→ Task description
Pictures are to be left out; every line from the one with "Thí sinh chưa" through the end of the data must be transcribed exactly.

Records excerpted from a collection:
___

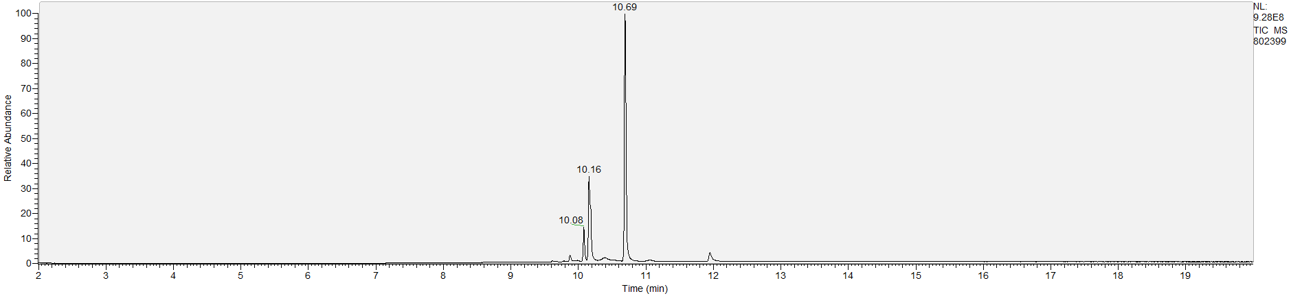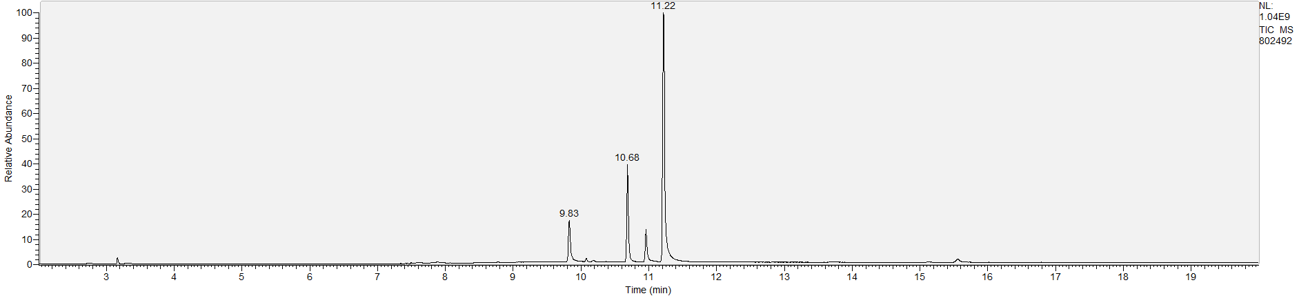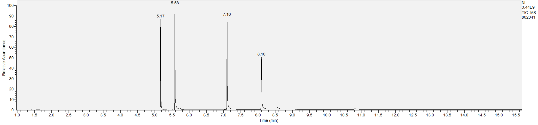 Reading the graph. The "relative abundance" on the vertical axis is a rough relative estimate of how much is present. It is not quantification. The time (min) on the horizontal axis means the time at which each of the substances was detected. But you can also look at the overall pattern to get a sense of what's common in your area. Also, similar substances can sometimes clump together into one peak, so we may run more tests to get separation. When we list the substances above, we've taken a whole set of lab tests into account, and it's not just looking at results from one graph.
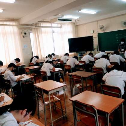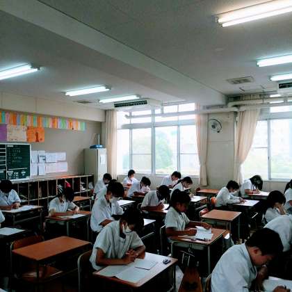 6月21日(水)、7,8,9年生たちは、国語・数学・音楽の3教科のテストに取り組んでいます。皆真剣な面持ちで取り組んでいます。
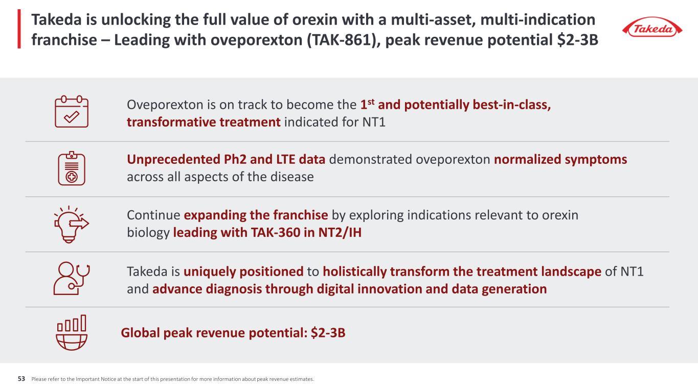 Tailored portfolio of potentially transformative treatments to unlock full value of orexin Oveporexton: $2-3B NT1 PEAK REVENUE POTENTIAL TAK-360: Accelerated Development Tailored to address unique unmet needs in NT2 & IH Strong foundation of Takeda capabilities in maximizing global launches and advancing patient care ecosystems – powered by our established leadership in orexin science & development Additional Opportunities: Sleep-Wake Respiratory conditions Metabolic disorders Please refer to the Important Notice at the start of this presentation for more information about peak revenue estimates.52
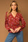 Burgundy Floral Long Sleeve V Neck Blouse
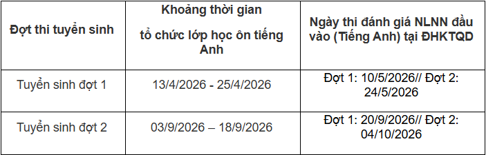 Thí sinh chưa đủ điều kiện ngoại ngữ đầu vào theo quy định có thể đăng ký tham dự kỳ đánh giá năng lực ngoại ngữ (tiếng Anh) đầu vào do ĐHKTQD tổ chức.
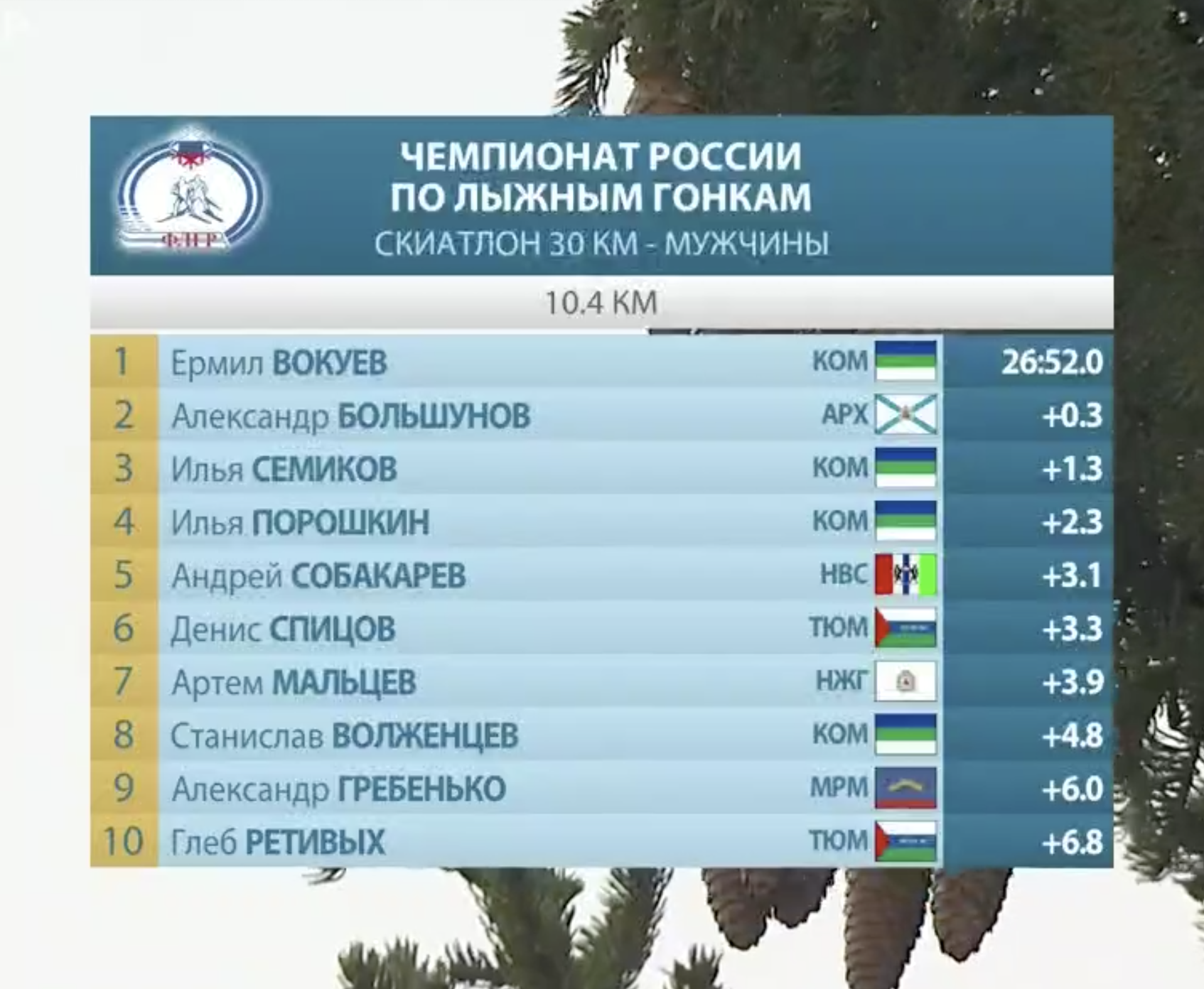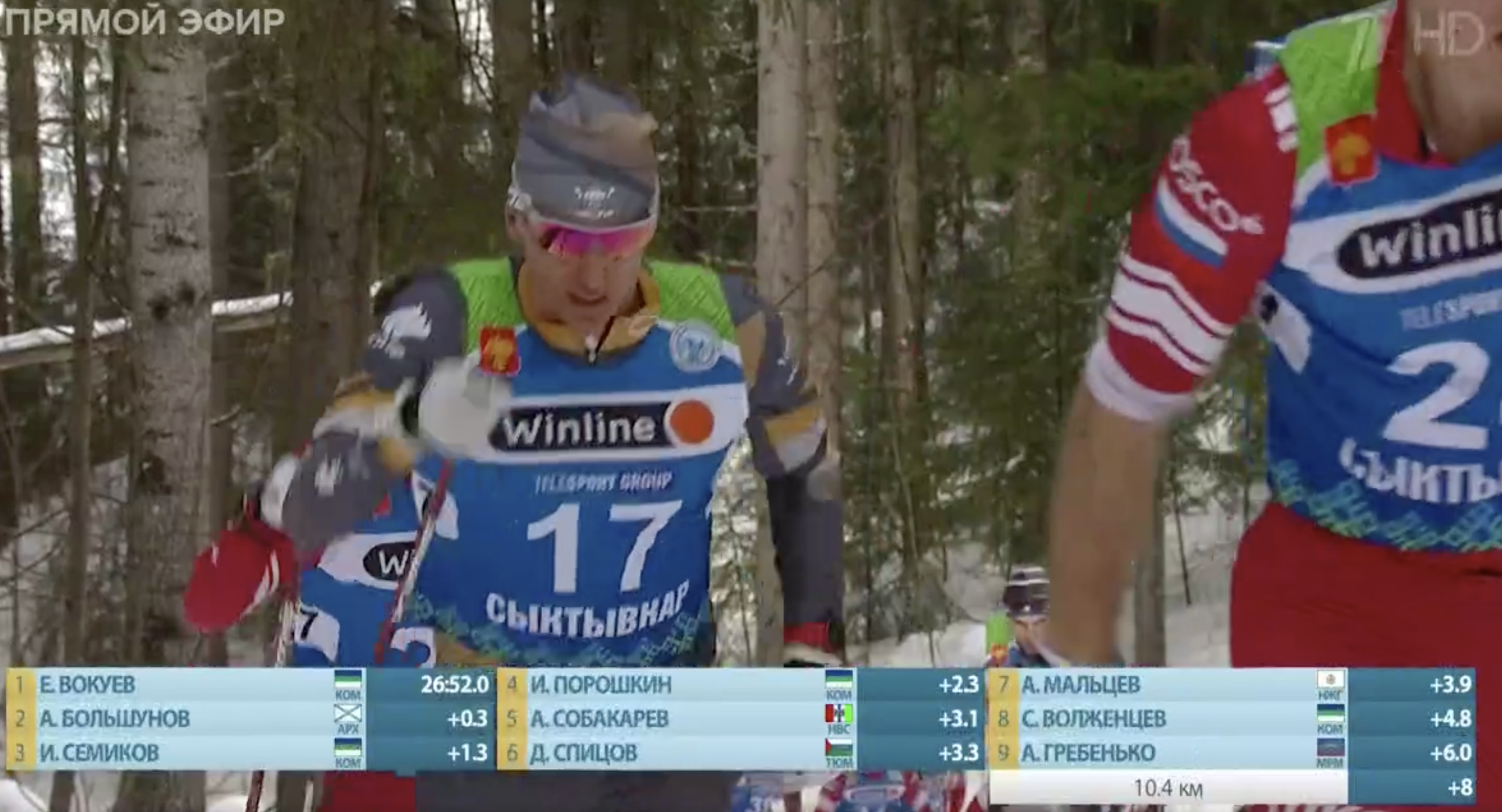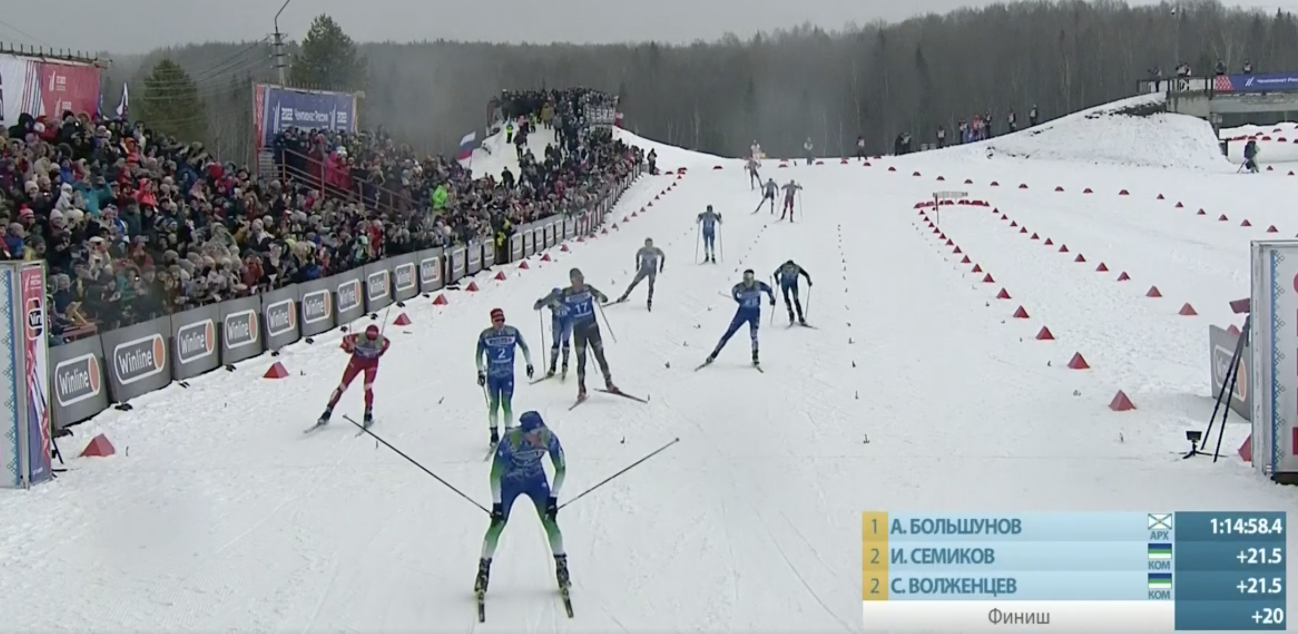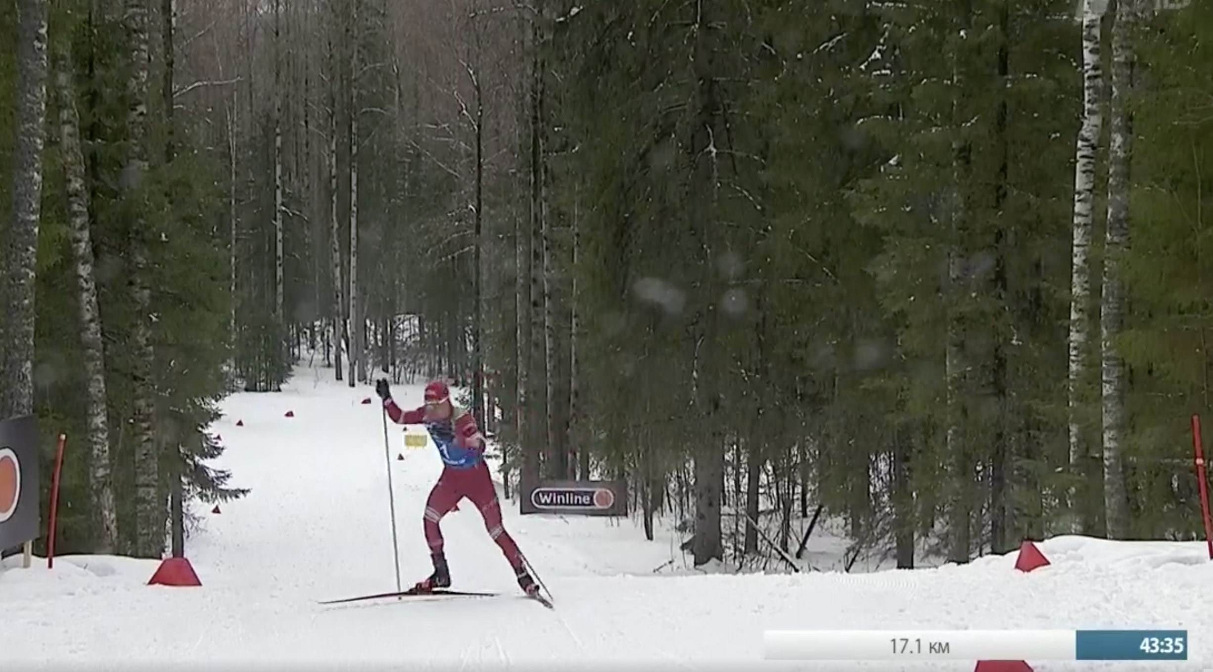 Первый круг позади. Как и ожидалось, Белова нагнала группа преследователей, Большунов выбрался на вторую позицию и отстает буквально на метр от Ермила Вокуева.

___

→ Solution to the exercise
 Thí sinh chưa đủ điều kiện ngoại ngữ đầu vào theo quy định có thể đăng ký tham dự kỳ đánh giá năng lực ngoại ngữ (tiếng Anh) đầu vào do ĐHKTQD tổ chức.
 Первый круг позади. Как и ожидалось, Белова нагнала группа преследователей, Большунов выбрался на вторую позицию и отстает буквально на метр от Ермила Вокуева.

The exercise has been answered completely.